Akute und chronische Entzündungen der Mandeln sind ein häufiger Grund für Arztbesuche und Krankenhausaufenthalte. Man geht davon aus, dass eine durch Bakterien ausgelöste akute Mandelentzündung (Tonsillitis oder Angina tonsillaris) für etwa fünf Prozent der Arztbesuche verantwortlich ist. Was kennzeichnet eine Mandelentzündung, wie kommt sie zustande und wie wird sie behandelt?


Was sind die Mandeln?


Die Mandeln, in der Fachsprache als Tonsillen bezeichnet, sind ein Teil des Immunsystems. Sie agieren als eine Art „Wachstation“, indem sie durch Mund und Nase aufgenommenes auf Krankheitserreger untersuchen und eine Reaktion des Körpers einleiten. Es gibt verschiedene Mandeln, die alle Teil des sogenannten Waldeyerschen Rachenrings sind:


  • Gaumenmandeln (Tonsilla palatina)
  • Rachenmandeln (Tonsilla pharyngea)
  • Zungengrundmandeln (Tonsilla lingualis)
  • Seitenstränge (Plica tubopharyngica)

Wie kommt es zu einer Mandelentzündung?


Die Mandeln sind durch ihre Immunfunktion in ständigem Kontakt mit Bakterien und Viren. Deshalb ist es nicht außergewöhnlich, dass sie auch bei gesunden Patienten gerötet oder leicht vergrößert sind. Erst, wenn zusätzliche Symptome wie Schluckschmerzen und Fieber auftreten, spricht der Arzt von einer Mandelentzündung.
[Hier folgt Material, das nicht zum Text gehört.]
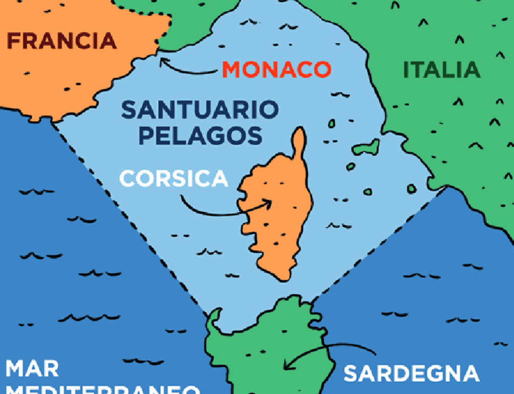 L’estensione del Santuario Pelagos riprodotta nel fumetto “Io sono Balenottera”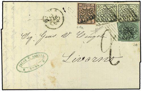 5A,3Aa(2),6Aa 1865 ROMA a LIVORNO. 1 baj, 2 baj (2) y 5 baj. Franqueo tricolor. MAGNIFICA. Cert. SORANI.

Welche Formen der Mandelentzündung gibt es?


Es werden akute und chronische Entzündungen der Mandeln unterschieden. Eine akute Mandelentzündung wird hauptsächlich von Viren hervorgerufen. Nur selten sind Bakterien die Ursache.


Der Begriff „chronische Mandelentzündung“ ist irreführend. Es handelt sich hierbei nicht um eine dauerhafte Entzündung der Mandeln, sondern um immer wieder auftretende Infekte. Deshalb spricht der Mediziner von rezidivierenden (wiederkehrenden) Mandelentzündungen.


Je nach Auslöser der Mandelentzündung werden viele weitere Formen der Angina unterschieden (Tab. 1).


Was sind die Symptome einer Mandelentzündung?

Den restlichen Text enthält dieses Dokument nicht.